■ Dataset entries:
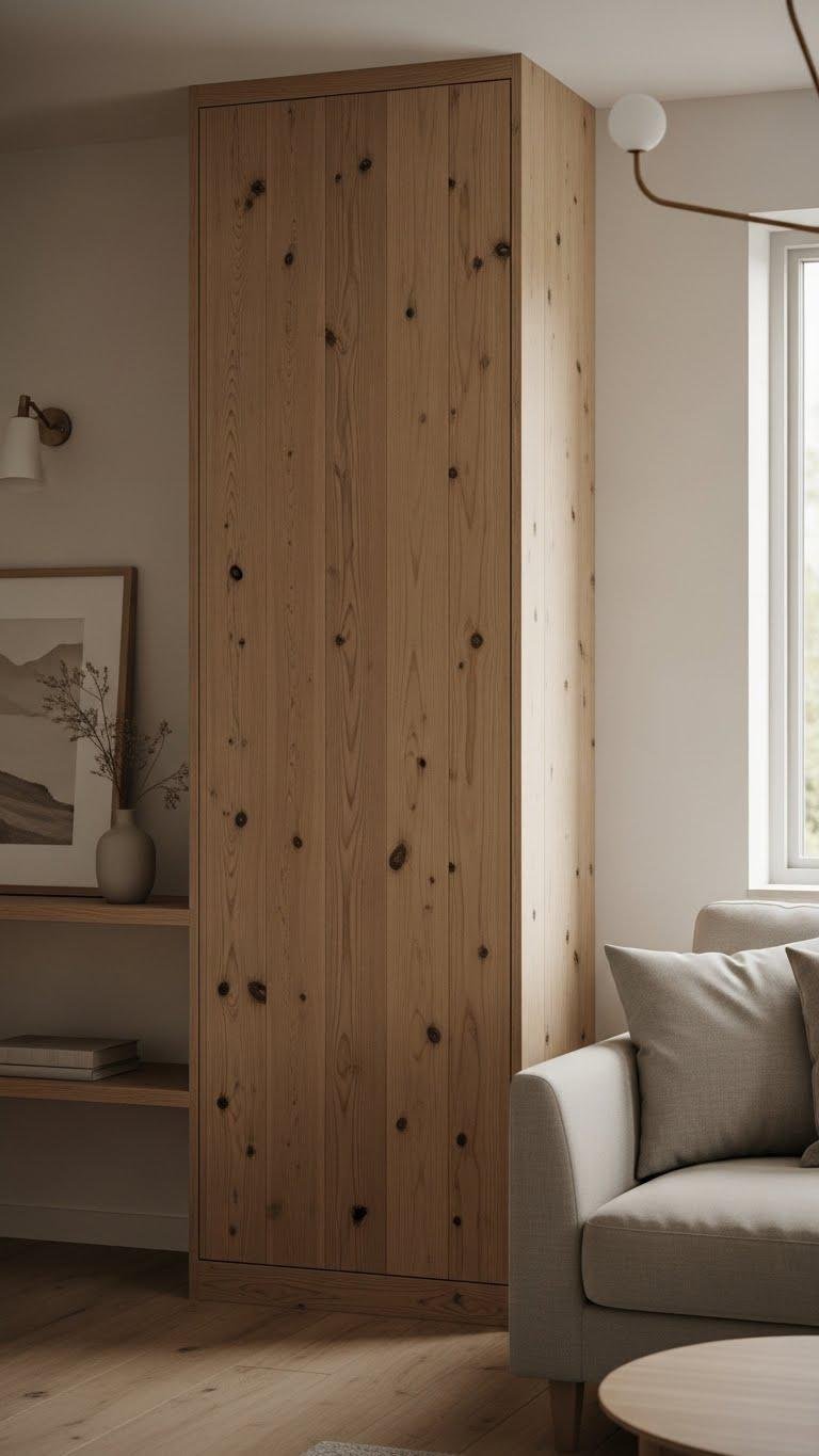 When you install natural wood paneling as a built-in feature, it instantly anchors a room with warmth and tactile depth while keeping the palette serene.
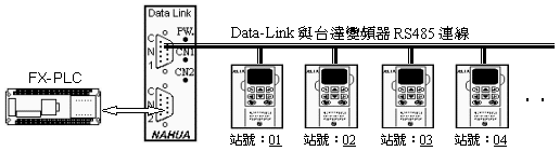 | 範例四: | 您還在使用A/D,D/A 控制變頻器嗎? FX-PLC (FX2N,FX1N,FX1S系列),透過資料交換器與台達變頻器通訊埠連線,不需要撰寫任何通訊程式,竟而達到控制變頻器的頻率及顯示輸出頻率及輸出電流。 |
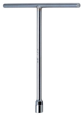Chiave a bussola professionale con impugnatura di manovra a "T" Misura in pollici Realizzata in acciaio al cromo-vanadio Finitura cromata satinata opaca Bussola con profilo esagonale Dimensione chiave 5/8" Lunghezza impugnatura di manovra mm 300 Lunghezza totale mm 350 Articolo Misura Pollici D mm L mm L1 mm L2 mm Peso Gr 104A-5/8" 5/8" 22.5 21 350 300 528
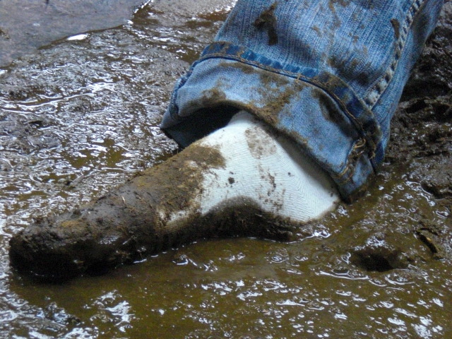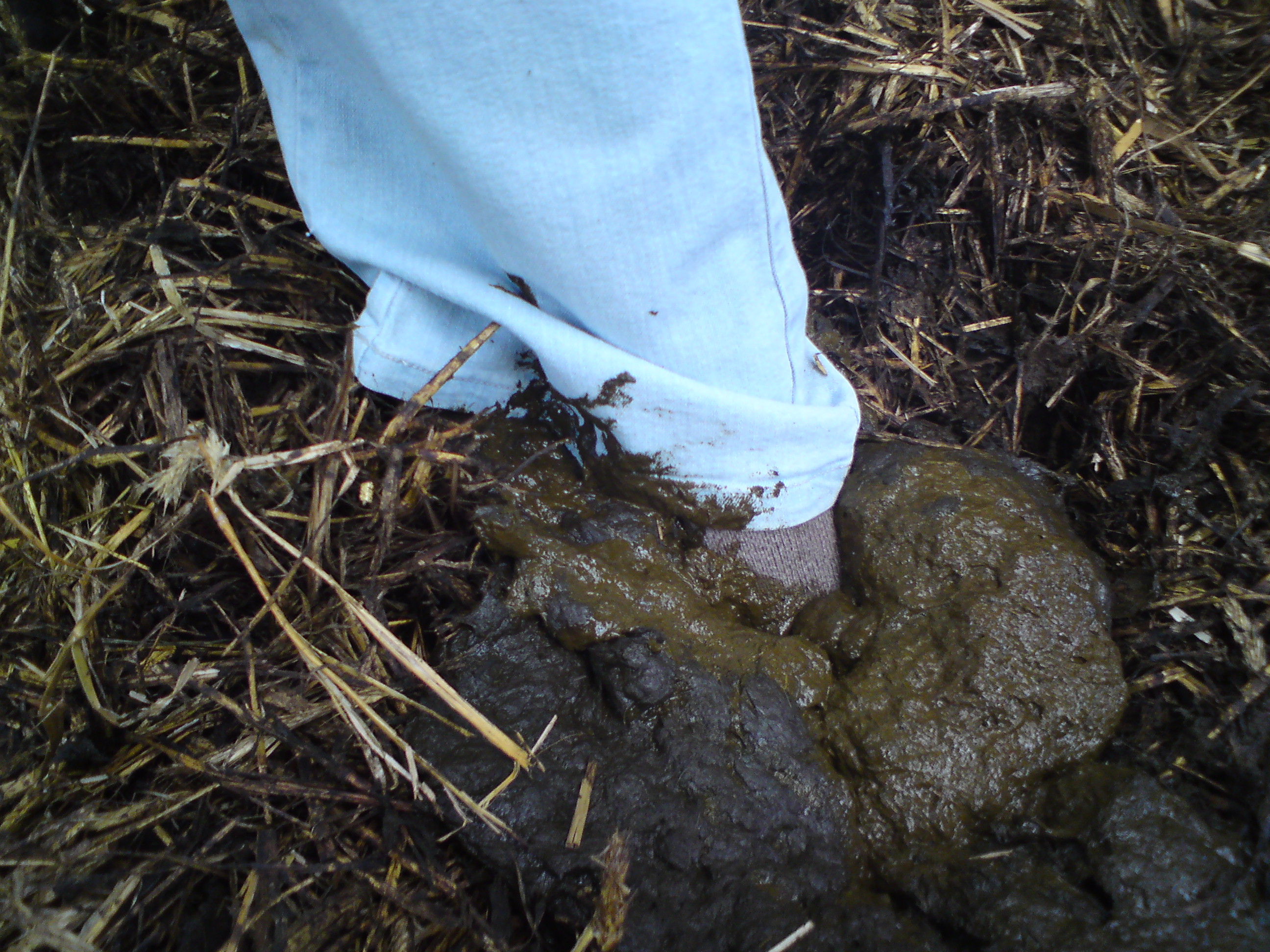 - a girl wearing grey winter socks while walking through a muck heap with very soft cow patties in it, which leads to her sinking into the dirt up to her ankles.
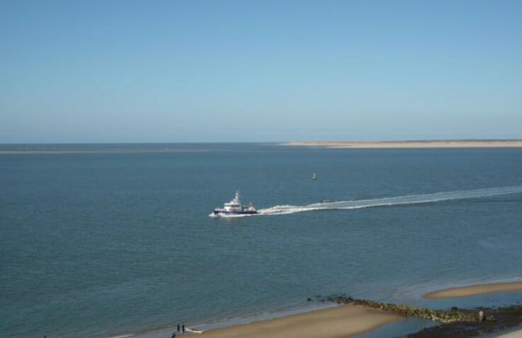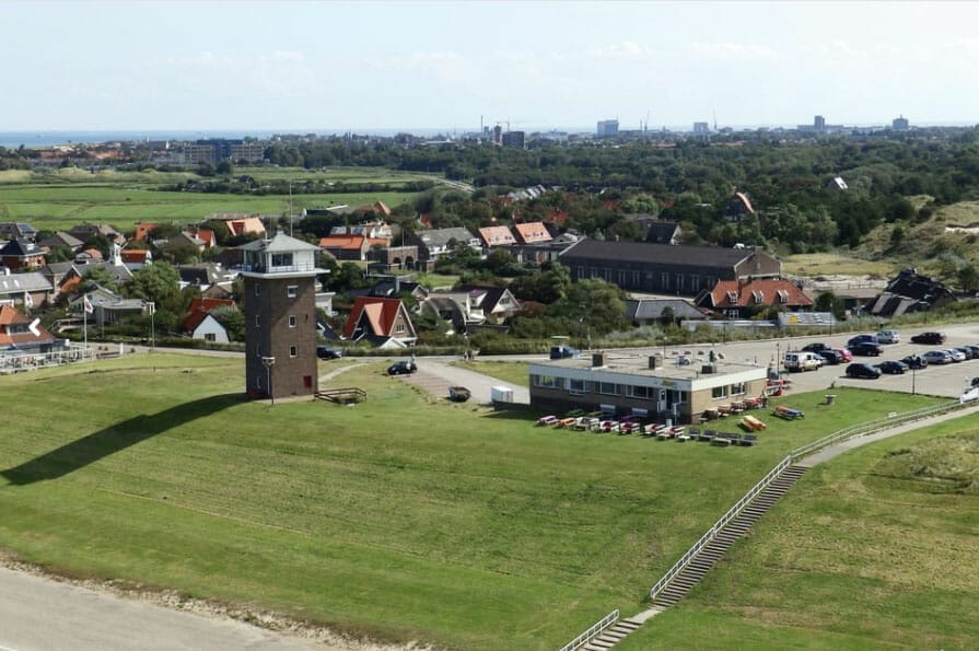 Het zicht rijkt kilometers ver over zee of natuurijk gewoon de kustlijn. Ook de marinebasis, het hart van Den Helder, is goed te zien.
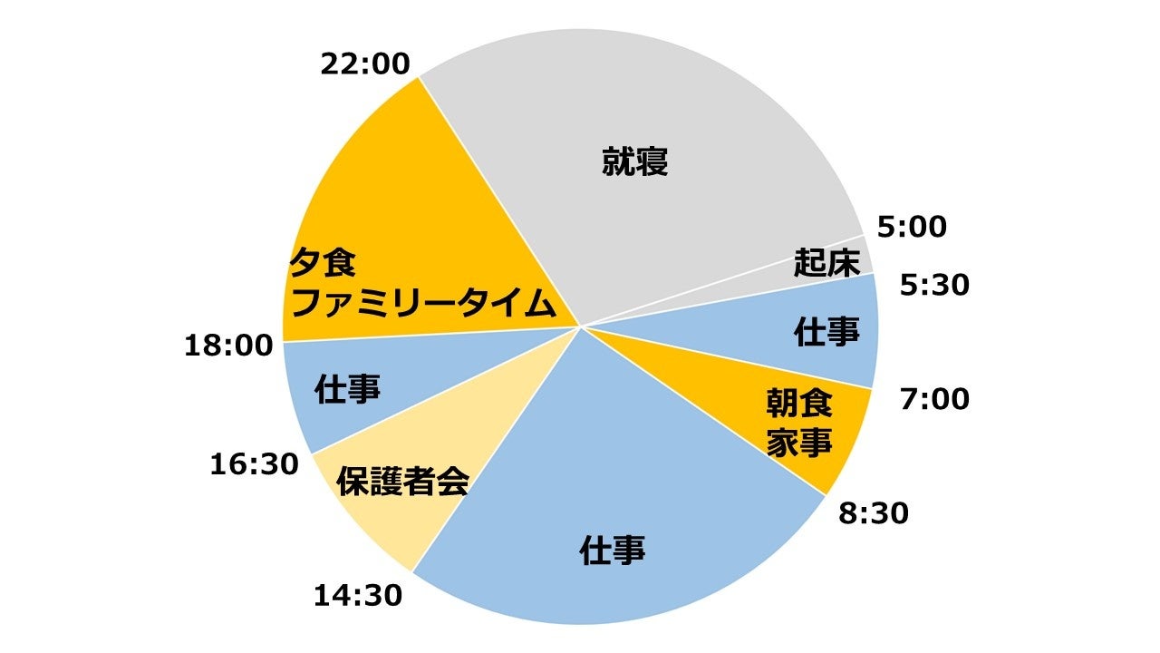 コアタイムがなく、従業員が自分自身の状況に応じて働く時間帯を選択できるスーパーフレックス制度を活用し、働く時間は定時の8時半~17時20分ではなく、朝早くから始業し、合間に家事や保護者会などの用事も済ませています。フルタイムワークですが、出社勤のための移動がないため、18~22時は家族のための時間をしっかりと確保できます。
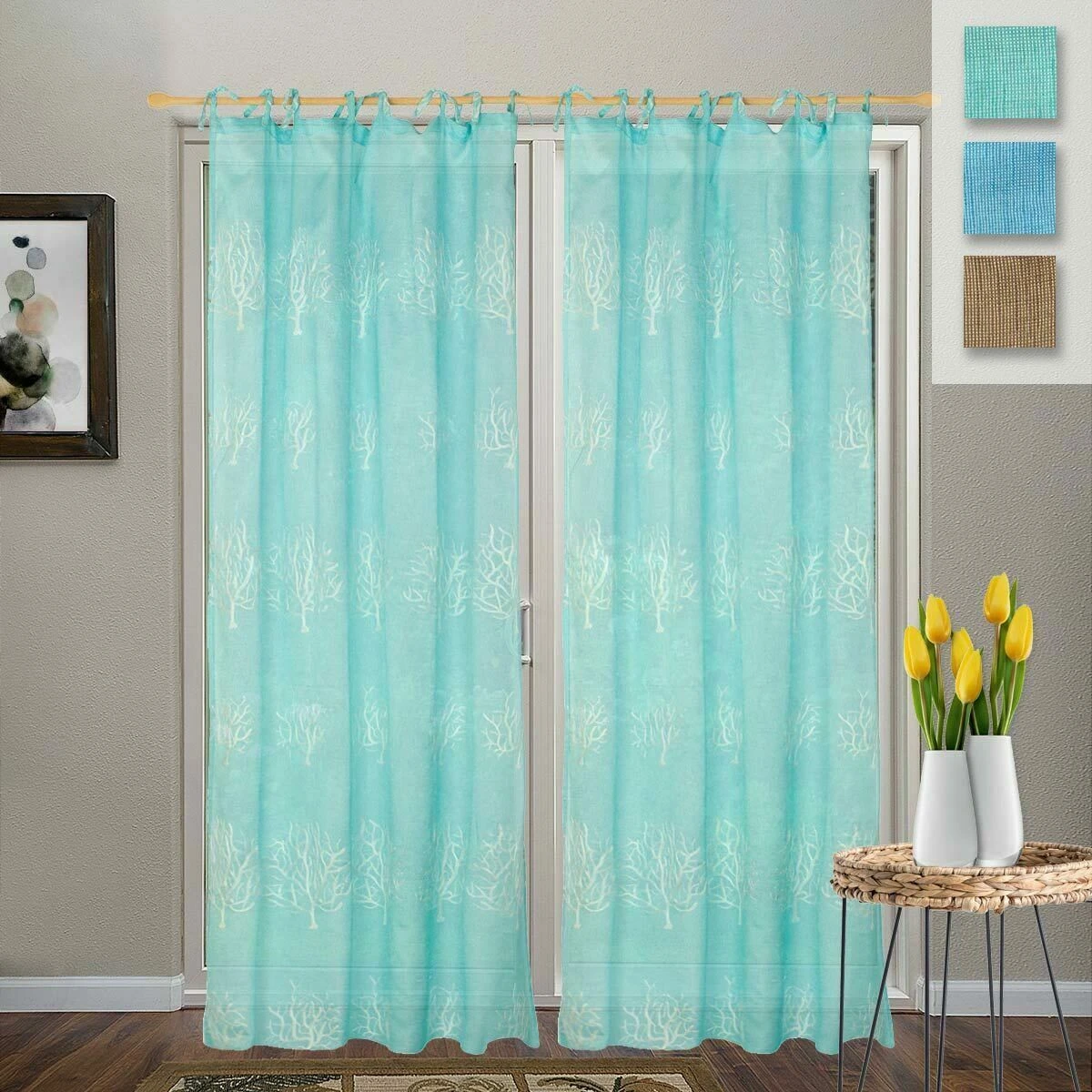| Dettagli | La confezione contiene un tendone arredo Tessuto filtrante, leggermente coprente, ideale per proteggere la privacy; blocca il passaggio dei raggi solari ma allo stesso tempo lascia filtrare la luce naturale Motivo con coralli Si applica sul bastone per tende tramite i lacci posti superiormente Lacci regolabili per l’altezza Ricamato, orlato e pronto per essere montato |
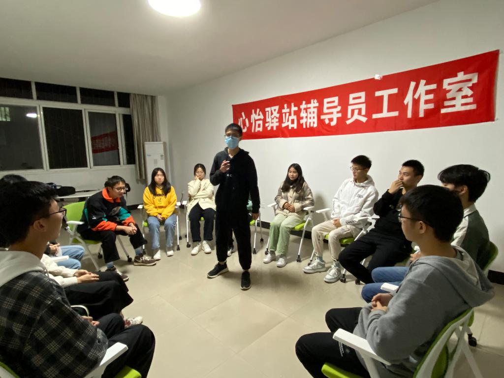 压力并不可怕,关键在于我们要如何去克服它或者与它共存。在活动中,李莎莎组织开展了一系列活动,帮助同学们感受压力,理解压力,进而克服压力。现场学生们根据指令,围成一圈,为前面的成员敲背、捶肩、捏肩膀;向前围成圈走动,以活跃气氛,放松身体。经过热身,团辅成员们身心舒展,更好地进入团辅状态。
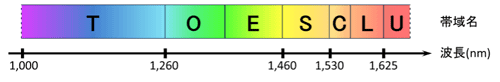 光通信用途で利用可能な波長帯は、C帯(Conventional band、波長1,530〜1,565 nm)とL帯(Long wavelength band、波長1,565〜1,625 nm)、そのほかにT帯(Thousand band、波長1,000〜1,260 nm)、O帯(Original band、波長1,260〜1,360 nm)、E帯(Extended band、波長1,360〜1,460 nm)、S帯(Short wavelength band、波長1,460〜1,530 nm)、U帯(Ultralong wavelength band、波長1,625〜1,675 nm)がある。

■ Work required:
Output the lines, exactly: the first line of the entries above, every line after it, and the line with "範例四: | 您還在使用A/D,D/A" as the last. No pictures.

■ Answer for this exercise:
 When you install natural wood paneling as a built-in feature, it instantly anchors a room with warmth and tactile depth while keeping the palette serene.
 | 範例四: | 您還在使用A/D,D/A 控制變頻器嗎? FX-PLC (FX2N,FX1N,FX1S系列),透過資料交換器與台達變頻器通訊埠連線,不需要撰寫任何通訊程式,竟而達到控制變頻器的頻率及顯示輸出頻率及輸出電流。 |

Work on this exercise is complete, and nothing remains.